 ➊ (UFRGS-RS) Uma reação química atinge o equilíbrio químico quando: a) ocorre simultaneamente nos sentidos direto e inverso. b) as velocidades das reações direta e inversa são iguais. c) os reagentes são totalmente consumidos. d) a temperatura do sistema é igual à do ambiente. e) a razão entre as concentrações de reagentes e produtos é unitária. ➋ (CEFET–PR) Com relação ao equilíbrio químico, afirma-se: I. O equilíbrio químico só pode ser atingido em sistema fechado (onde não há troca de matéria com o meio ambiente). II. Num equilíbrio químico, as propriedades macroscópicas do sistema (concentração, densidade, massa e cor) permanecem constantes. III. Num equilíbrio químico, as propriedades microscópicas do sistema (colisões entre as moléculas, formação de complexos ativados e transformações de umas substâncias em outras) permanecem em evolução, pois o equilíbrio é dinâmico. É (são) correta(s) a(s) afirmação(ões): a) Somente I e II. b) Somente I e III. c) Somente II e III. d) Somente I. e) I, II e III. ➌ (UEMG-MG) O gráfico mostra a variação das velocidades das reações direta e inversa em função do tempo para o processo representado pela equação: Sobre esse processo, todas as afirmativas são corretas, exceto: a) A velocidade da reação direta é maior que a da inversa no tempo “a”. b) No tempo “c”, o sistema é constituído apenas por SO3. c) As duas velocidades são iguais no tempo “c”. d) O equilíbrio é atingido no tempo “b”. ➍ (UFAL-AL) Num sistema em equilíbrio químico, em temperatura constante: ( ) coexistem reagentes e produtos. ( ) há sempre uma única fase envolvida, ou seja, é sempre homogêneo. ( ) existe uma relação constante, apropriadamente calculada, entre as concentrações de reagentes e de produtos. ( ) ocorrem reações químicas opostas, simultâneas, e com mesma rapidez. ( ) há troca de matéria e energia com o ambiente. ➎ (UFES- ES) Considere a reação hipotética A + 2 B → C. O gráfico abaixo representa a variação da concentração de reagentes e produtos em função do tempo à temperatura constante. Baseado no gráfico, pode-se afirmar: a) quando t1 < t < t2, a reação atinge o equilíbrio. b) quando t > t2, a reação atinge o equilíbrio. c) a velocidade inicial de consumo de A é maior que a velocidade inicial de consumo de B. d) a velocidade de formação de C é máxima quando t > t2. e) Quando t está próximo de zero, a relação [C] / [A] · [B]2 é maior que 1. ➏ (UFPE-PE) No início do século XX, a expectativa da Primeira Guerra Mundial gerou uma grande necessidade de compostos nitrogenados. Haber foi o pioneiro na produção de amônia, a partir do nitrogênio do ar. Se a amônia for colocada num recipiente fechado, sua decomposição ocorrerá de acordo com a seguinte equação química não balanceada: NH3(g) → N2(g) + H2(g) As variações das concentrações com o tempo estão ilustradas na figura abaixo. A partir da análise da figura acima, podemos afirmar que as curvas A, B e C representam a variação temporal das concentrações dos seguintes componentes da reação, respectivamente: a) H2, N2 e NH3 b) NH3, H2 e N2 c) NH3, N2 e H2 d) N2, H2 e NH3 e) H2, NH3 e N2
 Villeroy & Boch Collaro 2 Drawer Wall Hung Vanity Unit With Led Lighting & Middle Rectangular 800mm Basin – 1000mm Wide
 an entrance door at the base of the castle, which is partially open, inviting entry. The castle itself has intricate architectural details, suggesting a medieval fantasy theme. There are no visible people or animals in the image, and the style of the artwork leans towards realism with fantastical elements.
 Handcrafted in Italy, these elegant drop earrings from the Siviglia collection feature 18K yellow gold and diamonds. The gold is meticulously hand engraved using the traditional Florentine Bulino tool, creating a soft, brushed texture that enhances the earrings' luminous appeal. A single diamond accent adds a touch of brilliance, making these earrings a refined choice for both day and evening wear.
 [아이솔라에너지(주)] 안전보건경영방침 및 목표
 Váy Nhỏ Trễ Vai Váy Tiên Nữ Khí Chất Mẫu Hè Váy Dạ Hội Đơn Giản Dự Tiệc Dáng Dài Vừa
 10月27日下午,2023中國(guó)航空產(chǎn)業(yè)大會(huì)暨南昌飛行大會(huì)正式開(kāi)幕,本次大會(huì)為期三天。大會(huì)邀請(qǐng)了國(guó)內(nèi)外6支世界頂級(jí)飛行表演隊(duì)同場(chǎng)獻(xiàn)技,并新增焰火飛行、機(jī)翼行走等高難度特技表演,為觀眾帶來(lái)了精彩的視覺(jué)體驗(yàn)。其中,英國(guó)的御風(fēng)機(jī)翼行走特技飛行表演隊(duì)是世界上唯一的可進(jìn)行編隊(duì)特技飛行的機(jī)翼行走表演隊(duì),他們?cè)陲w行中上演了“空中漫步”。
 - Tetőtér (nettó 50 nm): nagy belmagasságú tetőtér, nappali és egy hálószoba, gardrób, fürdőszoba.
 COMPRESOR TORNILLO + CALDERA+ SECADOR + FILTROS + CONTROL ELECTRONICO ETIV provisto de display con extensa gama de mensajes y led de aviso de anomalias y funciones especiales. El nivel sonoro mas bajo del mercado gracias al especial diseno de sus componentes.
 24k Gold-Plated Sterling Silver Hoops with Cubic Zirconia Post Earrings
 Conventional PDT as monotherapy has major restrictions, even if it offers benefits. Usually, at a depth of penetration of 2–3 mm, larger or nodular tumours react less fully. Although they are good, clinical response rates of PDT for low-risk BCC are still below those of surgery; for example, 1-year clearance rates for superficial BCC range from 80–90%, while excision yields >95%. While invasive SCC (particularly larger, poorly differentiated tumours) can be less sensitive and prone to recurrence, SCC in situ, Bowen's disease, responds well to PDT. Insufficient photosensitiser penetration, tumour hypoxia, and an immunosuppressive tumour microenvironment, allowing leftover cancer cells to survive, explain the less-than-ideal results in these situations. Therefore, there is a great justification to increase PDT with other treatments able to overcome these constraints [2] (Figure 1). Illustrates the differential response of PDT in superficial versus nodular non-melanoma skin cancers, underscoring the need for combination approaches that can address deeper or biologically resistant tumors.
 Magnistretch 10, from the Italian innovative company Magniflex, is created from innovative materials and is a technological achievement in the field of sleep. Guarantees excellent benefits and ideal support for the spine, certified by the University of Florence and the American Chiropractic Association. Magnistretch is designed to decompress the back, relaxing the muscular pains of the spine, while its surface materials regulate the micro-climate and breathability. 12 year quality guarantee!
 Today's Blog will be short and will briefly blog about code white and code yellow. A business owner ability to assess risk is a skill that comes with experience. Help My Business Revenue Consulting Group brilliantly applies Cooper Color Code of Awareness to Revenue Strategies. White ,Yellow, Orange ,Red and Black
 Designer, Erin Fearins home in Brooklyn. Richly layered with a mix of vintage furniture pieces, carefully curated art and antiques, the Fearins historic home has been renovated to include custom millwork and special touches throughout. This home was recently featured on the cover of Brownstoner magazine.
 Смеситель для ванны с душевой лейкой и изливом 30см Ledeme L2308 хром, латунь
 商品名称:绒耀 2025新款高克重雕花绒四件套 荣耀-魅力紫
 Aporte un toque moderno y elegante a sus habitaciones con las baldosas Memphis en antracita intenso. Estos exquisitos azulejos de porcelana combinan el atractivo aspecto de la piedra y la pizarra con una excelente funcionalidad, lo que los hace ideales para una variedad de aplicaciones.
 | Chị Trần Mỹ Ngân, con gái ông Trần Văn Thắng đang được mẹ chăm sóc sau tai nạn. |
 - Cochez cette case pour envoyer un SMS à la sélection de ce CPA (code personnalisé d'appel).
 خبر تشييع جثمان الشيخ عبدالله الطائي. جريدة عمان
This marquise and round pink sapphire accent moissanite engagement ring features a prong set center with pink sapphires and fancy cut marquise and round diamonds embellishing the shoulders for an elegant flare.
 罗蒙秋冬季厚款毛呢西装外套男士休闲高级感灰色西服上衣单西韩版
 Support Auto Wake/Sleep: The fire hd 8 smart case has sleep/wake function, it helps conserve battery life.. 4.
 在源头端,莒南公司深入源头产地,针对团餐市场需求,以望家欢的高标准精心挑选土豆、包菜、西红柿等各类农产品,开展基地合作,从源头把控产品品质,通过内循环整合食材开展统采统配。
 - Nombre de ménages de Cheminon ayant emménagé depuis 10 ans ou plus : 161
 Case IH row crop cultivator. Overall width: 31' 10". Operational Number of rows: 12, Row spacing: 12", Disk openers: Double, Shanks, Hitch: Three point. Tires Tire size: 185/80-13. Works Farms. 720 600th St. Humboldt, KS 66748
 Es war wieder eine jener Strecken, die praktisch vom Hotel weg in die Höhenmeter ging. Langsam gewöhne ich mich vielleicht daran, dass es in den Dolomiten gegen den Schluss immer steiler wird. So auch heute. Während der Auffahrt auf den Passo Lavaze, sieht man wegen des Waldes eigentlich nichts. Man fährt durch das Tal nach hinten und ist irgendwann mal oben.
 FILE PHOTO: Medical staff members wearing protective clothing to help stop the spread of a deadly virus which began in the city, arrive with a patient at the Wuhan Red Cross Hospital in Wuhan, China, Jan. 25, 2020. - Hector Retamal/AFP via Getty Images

_Directions for this task:_ On how many lines above does "which" occur? Say the number only.

_Solution for this task:_ 2